By the way, If you haven’t check out my other articles on Behavioural Design Patterns, then here is the list:

  1. Chain of responsibility
  2. Command
  3. Interpreter
  4. Iterator
  5. Mediator
  6. Memento
  7. Observer
  8. State
  9. Strategy
  10. Template Method
  11. Visitor

The code snippets you see throughout this series of articles are simplified not sophisticated. So you often see me not using keywords like override, final, public(while inheritance) just to make code compact & consumable(most of the time) in single standard screen size.

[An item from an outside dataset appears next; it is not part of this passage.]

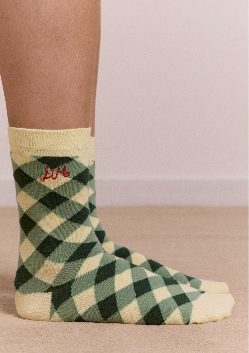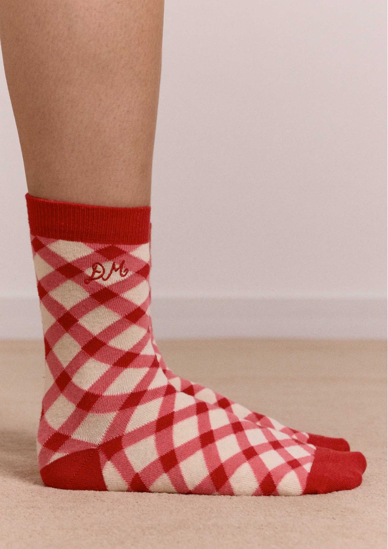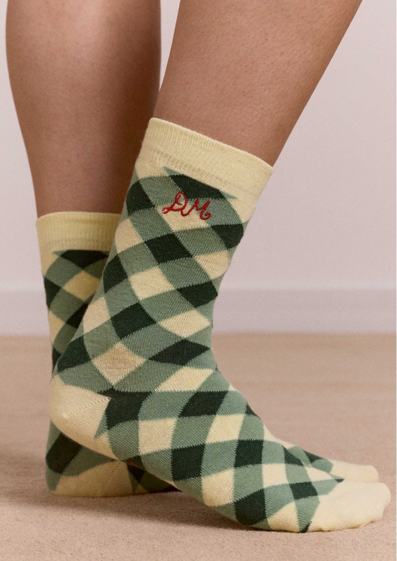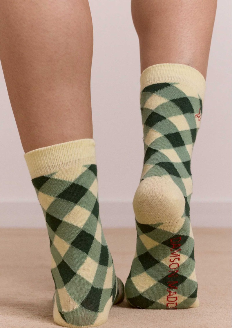 The Damson Madder Calf 2-Pack Gingham Socks feature a playful mix of green and yellow gingham and red and ecru windowpane check, finished with subtle DM embroidery for a signature touch. Perfect for adding a fun pop of pattern to any outfit, these calf-length socks are a stylish, eco-conscious accessory.

I also prefer struct instead of class just to save line by not writing “public:” sometimes and also miss virtual destructor, constructor, copy constructor, prefix std::, deleting dynamic memory, intentionally. I also consider myself a pragmatic person who wants to convey an idea in the simplest way possible rather than the standard way or using Jargons.

Note:

  • If you stumbled here directly, then I would suggest you go through What is design pattern? first, even if it is trivial. I believe it will encourage you to explore more on this topic.
  • All of this code you encounter in this series of articles are compiled using C++20(though I have used Modern C++ features up to C++17 in most cases). So if you don’t have access to the latest compiler you can use https://wandbox.org/ which has preinstalled boost library as well.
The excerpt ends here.